This past year…how in the world to describe it?!? It’s been long and hard…sometimes painful and even crushing. It was a year that started out very dark and full of heartache and if I’m being totally honest there were days that I really wasn’t sure if I could go on. However, it has also been one of the most joyous, life changing, faith grounding and spiritually growing years of my life. I have become very much grounded in God and His word through the ups and downs of this past year.
It’s been a year where I’ve had things and people taken away from me, where others have walked into my life with genuine love and blessings and still others that have always been there shown through both strong and beautifully. I’ve learned a lot about myself and other people, but most importantly about my relationship with God. I’ve learned that even when I have felt or thought that I’ve had the best intentions in mind…it’s not always my place to say or do anything except trust God.
There have been many things that I’ve wanted to get my little fleshly hands on to “fix” or “make better”…and even some still, but God has taught me to be still and trust Him. I have no problem with telling you that it has not been an easy road to travel, but through prayer, tears and much meditation I’m making it through. I can honestly say it’s been a year that I am thankful for both the good and the bad because it has begun to shape me into what God has called me to be.
There have been many new and wonderful additions to my life and that of my family; from our prayer board that hangs in the playroom to the 25 days of Christmas that we enjoyed during the month of December. We have seen firsthand the awesome healing hands of God on my step-son. We were also blessed to find and become a part of a church that is not only on fire for God, but totally desires that all its members not just attend church but “BE” the church. God has blessed me with many ideas that have helped us to spiritually grow and still many more that I pray to bring to life soon.
It is my true hope that I, as well as my family, will continue on this upward journey that God has placed before us. I know that there will be times where we’ll fall and even times where we may feel like giving up; but through our faith, love for God and trust in Him…we will press on in His name because He will never fail us.
For the last two years I have not made any “New Year’s resolution”, but instead have vowed to just do better. I want to be a better wife, better mother and better friend, but most importantly a better child of God. It is my prayer that God will continue to do His good work that He has started in me until the day that Jesus returns. I know not everything is the way “I” want or think it should be, but it’s all happening according to God’s plan for my life.

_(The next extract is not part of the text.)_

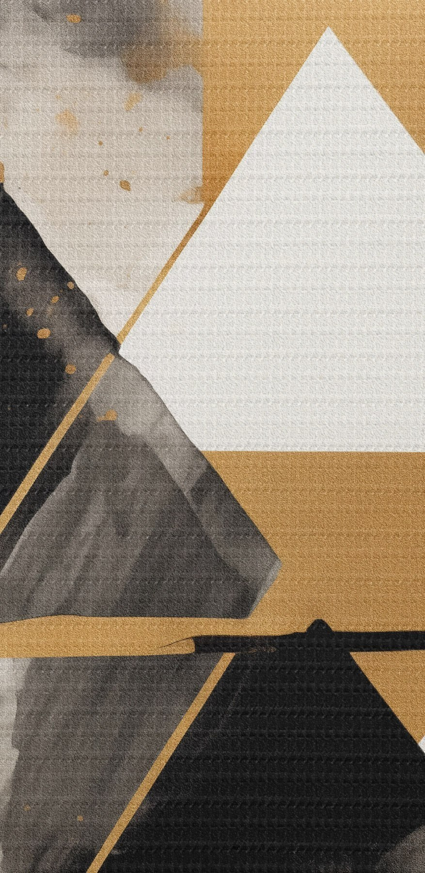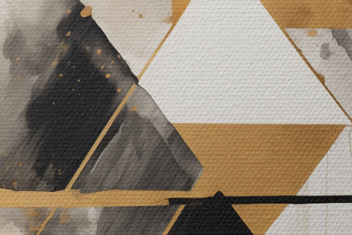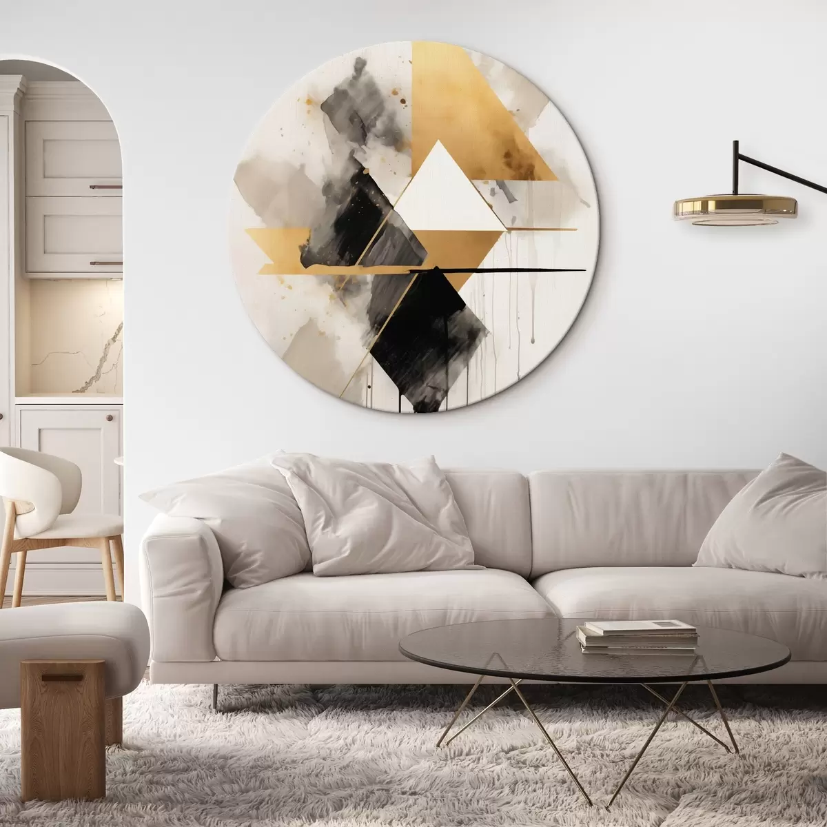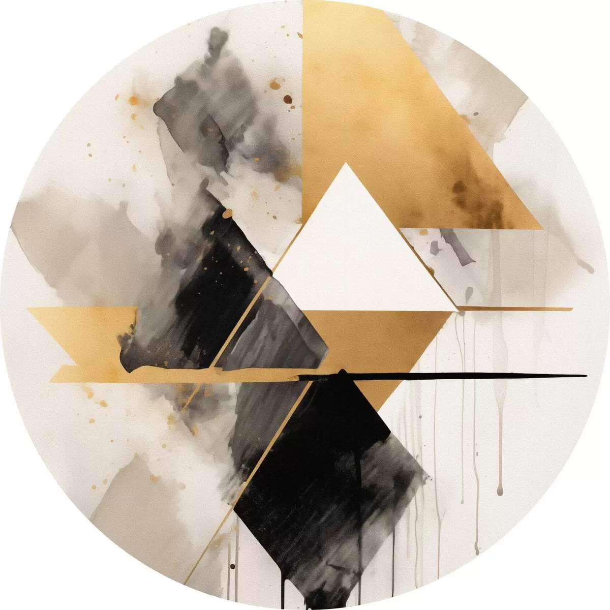 Runde Wandbilder Geometrie mit Dreiecken und einem schwarzen Rhombus, beige Striche Nr r46539

As I sit and type this a very large smile graces my face…I truly am blessed beyond any of my feeble attempts to try and describe it. I am a child of the Most High God who loves, knows and takes care of me better than I could ever imagine. For that I am truly grateful and give God all the praise. Yes…this past year has been a road full of ups and downs…gains and losses, but in and through it all one thing I can certainly say that I have never lost…is my faith!
I am truly looking forward to the New Year and what God has in store for both me and my family. I pray that this coming year for all of you is prosperous, blessed and full of opportunities for you to shine God’s light and love through your own lives. Have a safe and blessed Happy New Year.